LitvinenkoThe publication on Thursday of the long awaited report by Sir Robert Owen into the circumstances of the death of Alexander Litivenko from polonium poisoning on 23 November 2006 has (unsurprisingly) resulted in bitter criticism by the Russian Government of the Inquiry’s conclusions that the poisoning was probably directed by the Russian Federal Security Service, and probably approved by President Putin.
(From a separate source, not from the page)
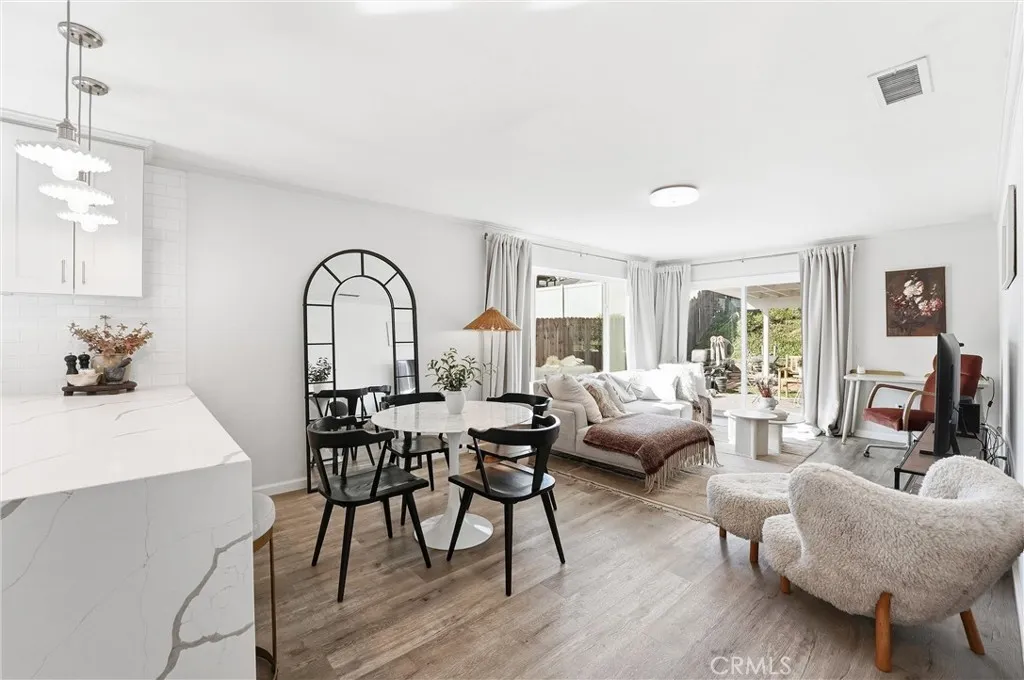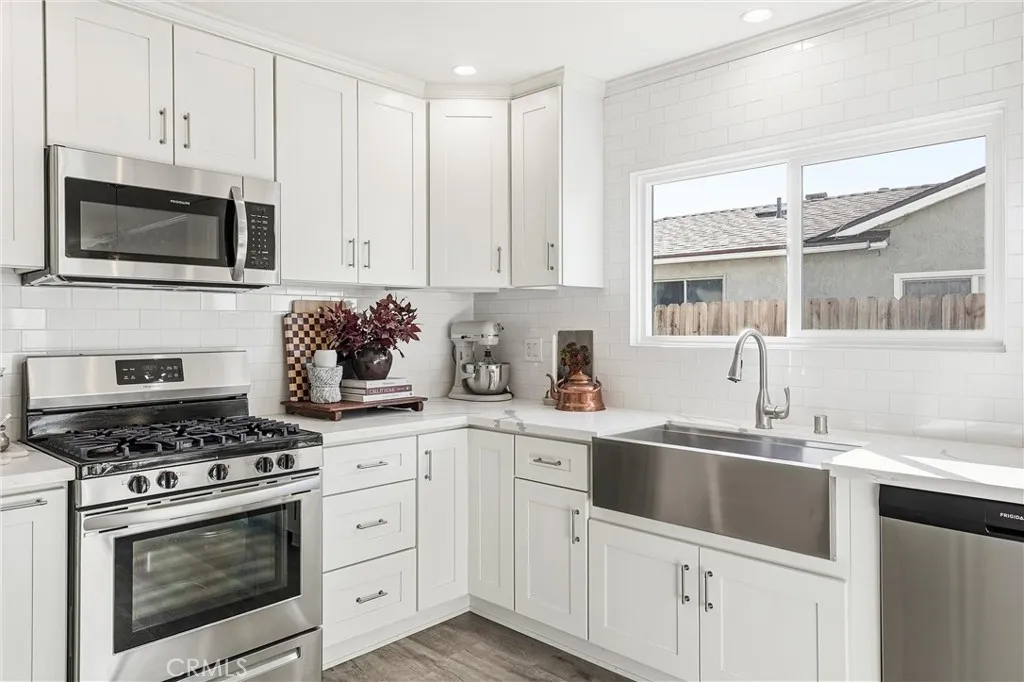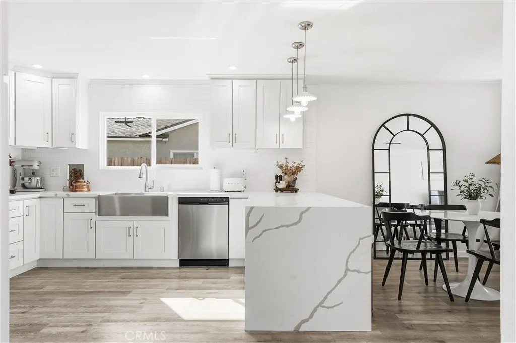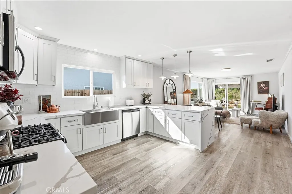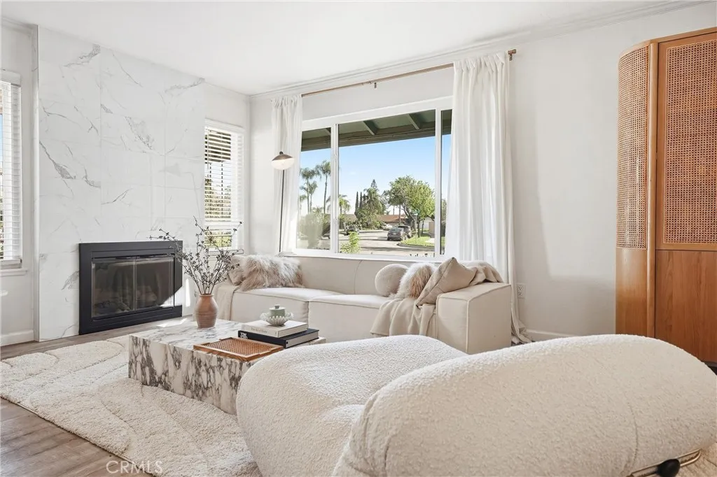 WELCOME TO THIS EXQUISITELY RENOVATED SINGLE STORY HOME in the heart of highly desirable CHINO HILLS! Thoughtfully designed and FULLY REMODELED inside, this elegant residence combines modern comfort with timeless appeal. Every detail, from the OPEN CONCEPT FLOOR PLAN to the designer finishes, reflects pride of ownership and sophisticated taste. Step inside to find a bright, airy layout filled with natural light. NEW WINDOWS, LUXURY VINYL PLANK FLOORING, CROWN MOLDING, and RECESSED LIGHTING carry throughout, creating a seamless blend of warmth and contemporary style. The living area centers around a striking FLOOR-TO-CEILING PORCELAIN FIREPLACE the perfect gathering spot for relaxing evenings at home. The heart of this home is its STUNNING CHEFS KITCHEN, featuring crisp white SHAKER CABINETRY, elegant QUARTZ COUNTERTOPS with a dramatic WATERFALL EDGE PENINSULA, and a timeless SUBWAY TILE BACKSPLASH. Designer pendant lighting enhances the space, while stainless steel appliances, including a GAS RANGE and a FARMHOUSE SINK, add both beauty and function. Whether entertaining friends or sharing family meals, this kitchen delivers both luxury and comfort. The homes bathrooms are equally impressive, showcasing MARBLE COUNTERTOPS, PORCELAIN AND REAL MARBLE DETAILS, and refined craftsmanship in every finish. The PRIMARY SUITE offers a spa-like WALK-IN SHOWER, while the secondary bath features a TUB/SHOWER COMBO ideal for families or guests. Additional upgrades include a NEWER LENNOX HVAC SYSTEM, NEWER WATER HEATER, and DRYWALLED GARAGE with flexible use potential. Step outdoors to a
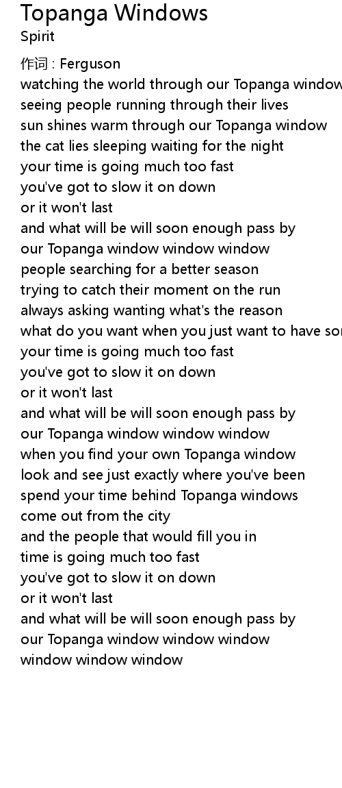 | spend your time behind Topanga windows | |

The report is long (246 pages not including Appendices), but in page after page of readable and measured prose Sir Robert Owen tells the extraordinary story of Alexander Litvinenko’s death and the subsequent 9 year investigation into it.

The origin of the Inquiry

The Inquiry was established on 31 July 2014 following a torturous procedural history (including two Divisional Court hearings and the successful judicial review of the Home Secretary’s refusal to hold a statutory inquiry) and considerable argument as to the nature, scope and conduct of the official investigation into Alexander Litvinenko’s…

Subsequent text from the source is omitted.